**What is needed**
Reproduce only the lines below from the line containing "Chiều 23-10, ông" to the line containing "BURSA, 23 Nisan", exactly as written, with both end lines kept. Omit the pictures.

**Data supplied**
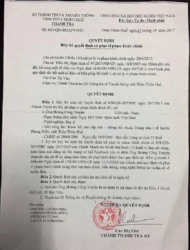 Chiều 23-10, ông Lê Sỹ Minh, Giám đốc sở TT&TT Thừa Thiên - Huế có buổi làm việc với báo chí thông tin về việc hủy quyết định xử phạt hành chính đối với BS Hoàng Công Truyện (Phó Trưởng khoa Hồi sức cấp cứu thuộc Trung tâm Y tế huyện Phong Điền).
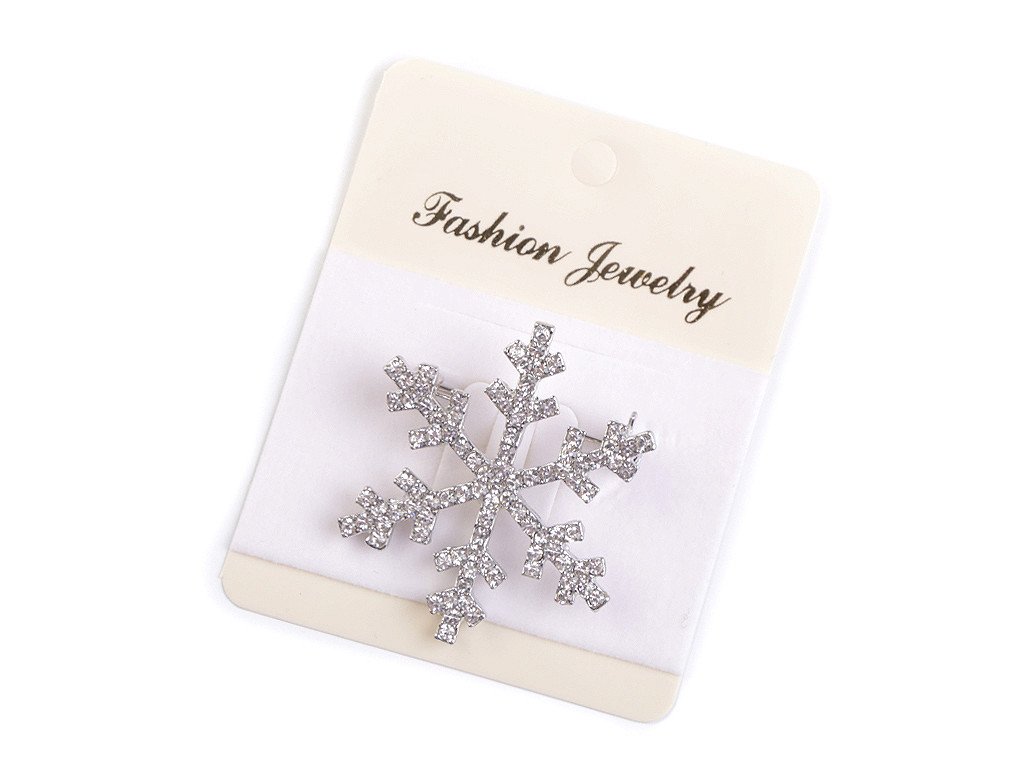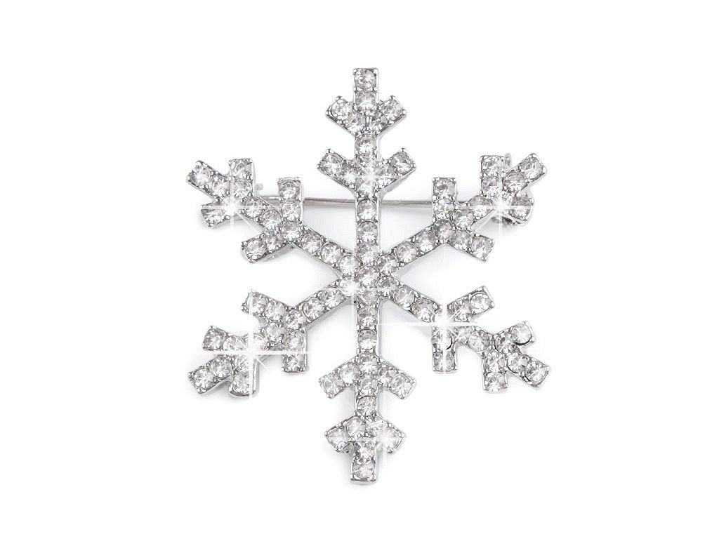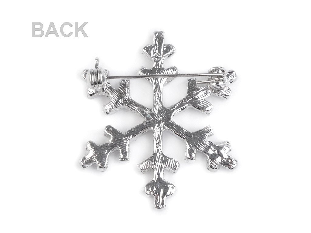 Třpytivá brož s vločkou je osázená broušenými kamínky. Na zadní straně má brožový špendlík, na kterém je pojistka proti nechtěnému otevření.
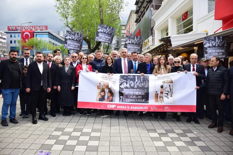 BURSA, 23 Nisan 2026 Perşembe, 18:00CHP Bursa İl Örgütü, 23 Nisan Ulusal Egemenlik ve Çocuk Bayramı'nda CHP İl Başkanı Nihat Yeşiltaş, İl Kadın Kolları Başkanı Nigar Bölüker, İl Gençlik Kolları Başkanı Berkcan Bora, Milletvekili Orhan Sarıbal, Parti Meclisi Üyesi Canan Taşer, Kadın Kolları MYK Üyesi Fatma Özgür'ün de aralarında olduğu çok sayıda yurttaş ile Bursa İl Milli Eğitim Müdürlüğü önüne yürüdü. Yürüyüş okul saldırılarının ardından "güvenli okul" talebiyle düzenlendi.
...
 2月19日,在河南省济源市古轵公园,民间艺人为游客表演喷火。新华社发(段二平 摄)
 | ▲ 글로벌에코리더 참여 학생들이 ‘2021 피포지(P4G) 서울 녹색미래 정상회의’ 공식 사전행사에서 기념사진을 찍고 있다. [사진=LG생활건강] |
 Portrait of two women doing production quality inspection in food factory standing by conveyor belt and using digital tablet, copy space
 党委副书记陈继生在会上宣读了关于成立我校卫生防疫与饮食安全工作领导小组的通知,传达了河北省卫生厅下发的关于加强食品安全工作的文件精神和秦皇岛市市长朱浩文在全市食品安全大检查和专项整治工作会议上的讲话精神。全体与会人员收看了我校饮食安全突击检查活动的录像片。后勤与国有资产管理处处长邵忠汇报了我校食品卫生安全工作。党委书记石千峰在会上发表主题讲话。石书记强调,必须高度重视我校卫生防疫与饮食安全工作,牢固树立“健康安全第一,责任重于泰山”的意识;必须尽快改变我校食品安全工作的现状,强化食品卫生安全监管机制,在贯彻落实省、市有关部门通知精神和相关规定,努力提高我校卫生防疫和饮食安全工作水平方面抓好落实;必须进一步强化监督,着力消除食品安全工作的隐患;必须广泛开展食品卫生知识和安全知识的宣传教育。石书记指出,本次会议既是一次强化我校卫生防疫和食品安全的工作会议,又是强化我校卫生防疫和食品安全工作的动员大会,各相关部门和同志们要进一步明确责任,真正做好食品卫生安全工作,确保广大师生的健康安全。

**Task response**
 Chiều 23-10, ông Lê Sỹ Minh, Giám đốc sở TT&TT Thừa Thiên - Huế có buổi làm việc với báo chí thông tin về việc hủy quyết định xử phạt hành chính đối với BS Hoàng Công Truyện (Phó Trưởng khoa Hồi sức cấp cứu thuộc Trung tâm Y tế huyện Phong Điền).
 Třpytivá brož s vločkou je osázená broušenými kamínky. Na zadní straně má brožový špendlík, na kterém je pojistka proti nechtěnému otevření.
 BURSA, 23 Nisan 2026 Perşembe, 18:00CHP Bursa İl Örgütü, 23 Nisan Ulusal Egemenlik ve Çocuk Bayramı'nda CHP İl Başkanı Nihat Yeşiltaş, İl Kadın Kolları Başkanı Nigar Bölüker, İl Gençlik Kolları Başkanı Berkcan Bora, Milletvekili Orhan Sarıbal, Parti Meclisi Üyesi Canan Taşer, Kadın Kolları MYK Üyesi Fatma Özgür'ün de aralarında olduğu çok sayıda yurttaş ile Bursa İl Milli Eğitim Müdürlüğü önüne yürüdü. Yürüyüş okul saldırılarının ardından "güvenli okul" talebiyle düzenlendi.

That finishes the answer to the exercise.